### ACTIVITY
Drop the pictures and repeat the remaining data exactly.

### SUPPLIED INFORMATION
++++

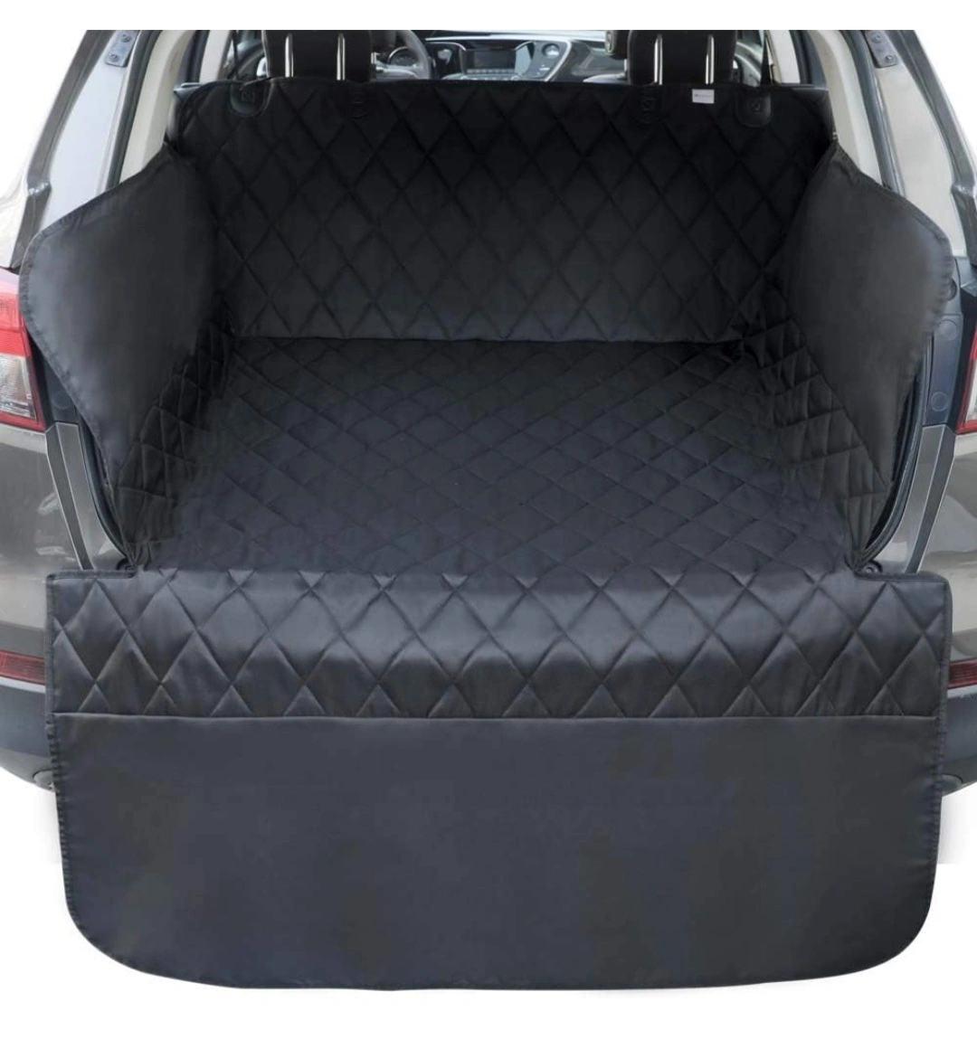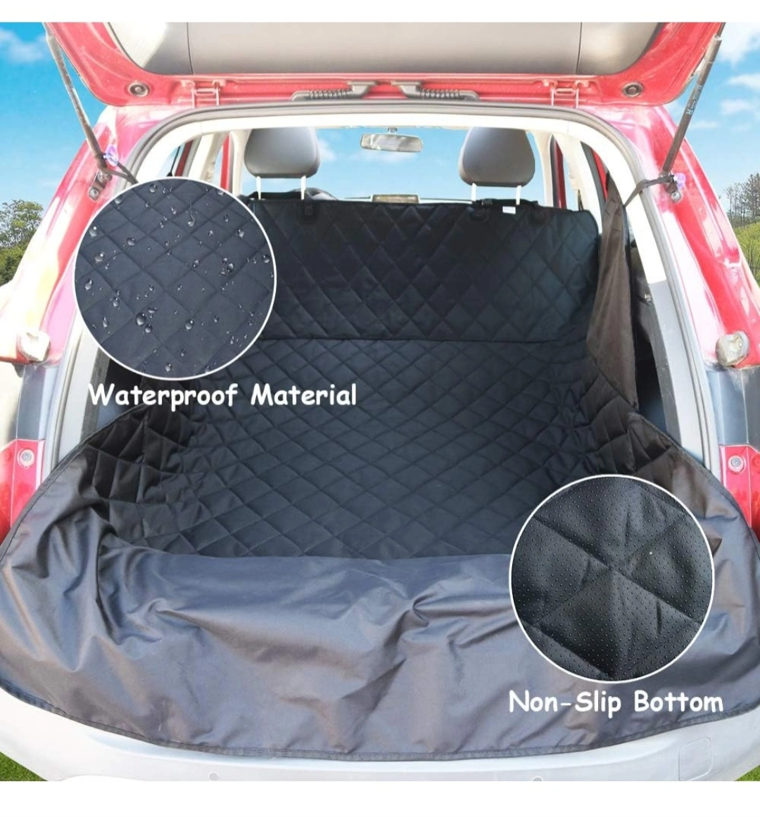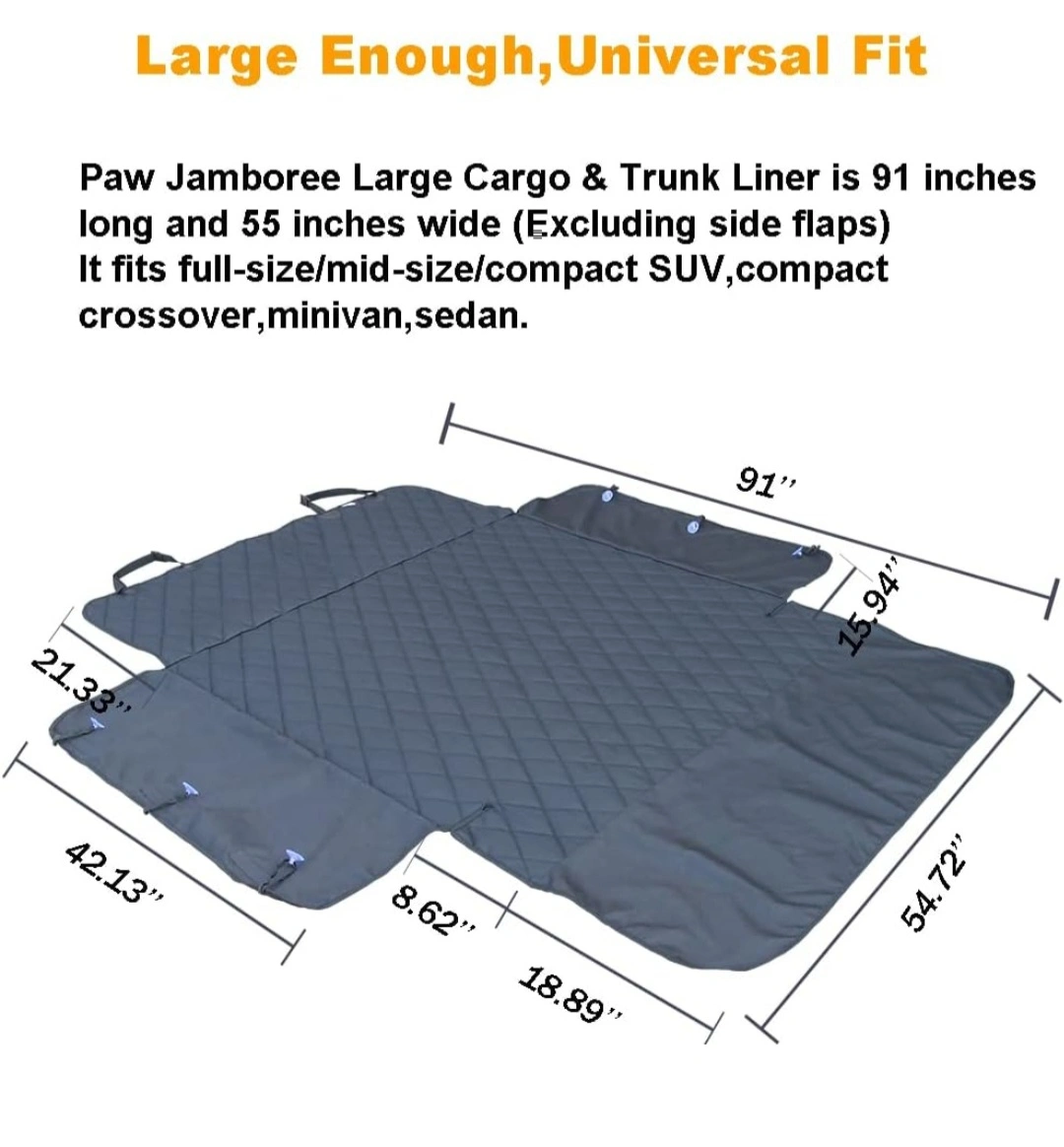 Waterproof car trunk liner. Non-slip bottom. Fits most vehicles. Includes side flaps and quick release buckles. Measures 91 inches long and 55 inches wide. Durable and easy to clean.
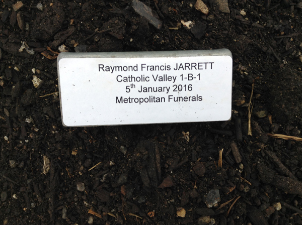 | Jarrett | Raymond Francis | photo | 5/01/2016 | Catholic Valley 1-B-1, Metropolitan Funerals | |||
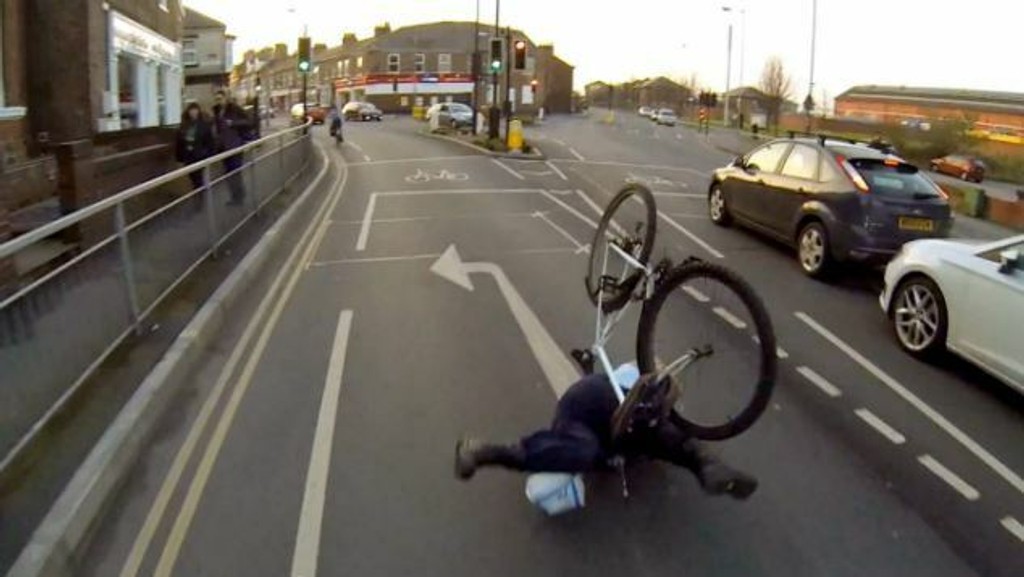 Britovi sa podarilo zachytiť cyklistov, ktorí telefonovali, prechádzali na červenú, jazdili po chodníkoch alebo si krátili cestu rovno cez križovatku. Najšokujúcejší je záber na muža, ktorý sa počas jazdy zbavil bundy. Jeho vyzliekanie malo nepríjemný koniec - brutálny pád.

++++

### WRITTEN RESPONSE
 Waterproof car trunk liner. Non-slip bottom. Fits most vehicles. Includes side flaps and quick release buckles. Measures 91 inches long and 55 inches wide. Durable and easy to clean.
 | Jarrett | Raymond Francis | photo | 5/01/2016 | Catholic Valley 1-B-1, Metropolitan Funerals | |||
 Britovi sa podarilo zachytiť cyklistov, ktorí telefonovali, prechádzali na červenú, jazdili po chodníkoch alebo si krátili cestu rovno cez križovatku. Najšokujúcejší je záber na muža, ktorý sa počas jazdy zbavil bundy. Jeho vyzliekanie malo nepríjemný koniec - brutálny pád.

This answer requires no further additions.